Но джигиты, которые давно позабыли про Алпамыса и держали сторону Ултана, не обращали внимания на вопли несчастного мальчишки. Тогда отчаявшийся Жадигер стал проклинать своих мучителей.
— Ах вы, кровожадные разбойники! Вас самих когда-нибудь постигнут муки и страдания, на которые вы обрекаете меня сейчас. Да сгинуть бы вам, разделив участь тех козлов, которых бросают на кокпар! Пусть от вас отвернутся родные и близкие, друзья и товарищи! Пусть над вами никогда не рассеются тучи горя и печали!.. Подождите, недолго осталось, приедет мой отец и взыщет с вас за мои несчастья... Жестоко спросит! Получите за все сполна! Ну, что стали? Хватайте, раздирайте меня, ненасытные шакалы!..
В это мгновение слова Жадигера прервали грозные крики, раздавшиеся за спинами участников необычного кокпара. Джигиты, хорошо помнившие Алпамыса и любившие его, пойдя наперекор Ултану, догнали любителей столь жестоких забав и стали теснить их. Безрассудным пришлось отступить под натиском сторонников Алпамыса. Жадигер, обессиленный, после страха и унижений, от боли, которую причиняли ему кандалы, опустился на песок и горько заплакал. Следом за джигитами, вызволившими Жадигера из беды, появился старик Култай. Он скакал на чубаром скакуне, волоча по земле тушу: старик словно заново родился, его невозможно было узнать: спина его была прямая, держался в седле он, как будто снова стал молодым и веселым. Это выглядело так необычно, что Жадигер забыл о только что пережитом и уставился на старика недоуменным взглядом.
— Светик мой Жадигер, сюинши!—радостно залопотал он, подскакивая к мальчику.— Сюинши!.. Радостная весть! Кокпар я тоже выиграл. Удача не приходит одна, понял? Бери! Специально завернул к тебе, чтобы подарить приз...
Высказав это, Култай бросил тушу на землю и, лихо развернувшись, поспешил прочь. Старик на радостях даже позабыл о том, что ехал сообщить Жадигеру о возвращении его отца Алпамыса в родные края.
А Жадигер от слов дедушки Култая пришел в еще большее удивление.

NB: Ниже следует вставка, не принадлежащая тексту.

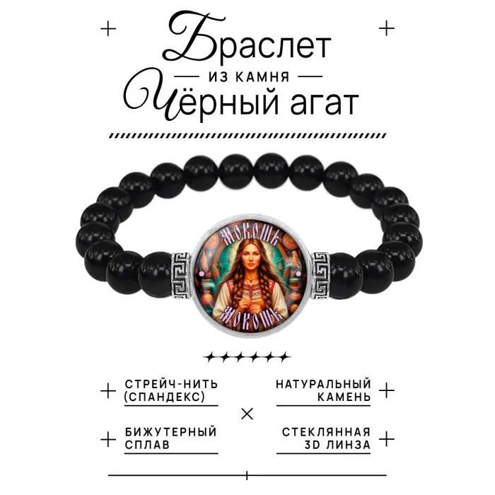 Стрейч-браслет амулет "Славянские боги Мокошь" — это уникальное украшение, которое сочетает в себе стиль и символику. Изготовленный из бусин черного агата диаметром 8 мм, он дополнен изображением диаметром 20 мм под выпуклой стеклянной линзой. Браслет упакован в прозрачный полипропиленовый пакетик без подвеса, что делает его идеальным для подарка или личного использования.

«Что это он так развеселился, когда подлый раб отбирает у него любимую сноху?— Жадигер не знал, что и подумать.— Или рад коню, которого Ултан подарил ему? Конечно, Ултан дал ему коня, иначе откуда взяться этому чубарому?.. Так бросают кость собаке, чтобы задобрить ее... А что мне делать с этой тушей? Негде взять коня, чтобы потащить ее волоком и бросить, как победитель, у ног толпы... Но что зря рассуждать? Разве бы я влачил столь убогое существование, если б имел возможность
участвовать в кокпаре? Ну да ладно, как бы меня ни унижали, а дедушку Култая надо уважить за его внимание ко мне. Отволоку я эту тушу тете Карлыгаш, пусть она накормит досыта своих гостей». Жадигер поднялся, схватил тушу за ногу, там, где на голени был сделан надрез, и поволок ее в аул. Хотя руки и ноги его были скованы кандалами, он не чувствовал особой тяжести. Между тем туша была не из легких.
Хан Ултан находился на улице, когда Жадигер вошел в аул. Он был
взбешен тем, что джигиты не выполнили его наказа и оставили в
живых сына Алпамыса. Встревожила Ултана и необычайная сила мальчика, тащившего тяжеленную тушу легко, будто это была высохшая шкура вола.
В сердце Ултана закрался страх. «В том волчонке видны все повадки будущего волка,— подумал Ултан.— В нем заключена огромная сила, и когда-нибудь он сокрушит меня. Да и ненавидит, небось, меня за то, что я женюсь на его матери Гульбаршин. Так или иначе придется прикончить его...»
С этими мыслями Ултан заторопился к Карлыгаш и грубым властным тоном приказал ей привести к нему Жадигера.
Карлыгаш поняла по его виду, что над несчастным Жадигером опять нависла смертельная опасность.
— О, создатель! Пощади нас!— зарыдала она, не в силах сдвинуться с места.— Как же меня будет носить земля, если я своими руками предам смерти единственного сына Алпамыса? Нас с Алпамысом родила и вскормила одна мать...
Прекрати!—заорал на нее взбешенный Ултан и одним ударом кулака свалил Карлыгаш на землю. Не напоминай мне о своем брате! Он сгинул с лица земли, ясно?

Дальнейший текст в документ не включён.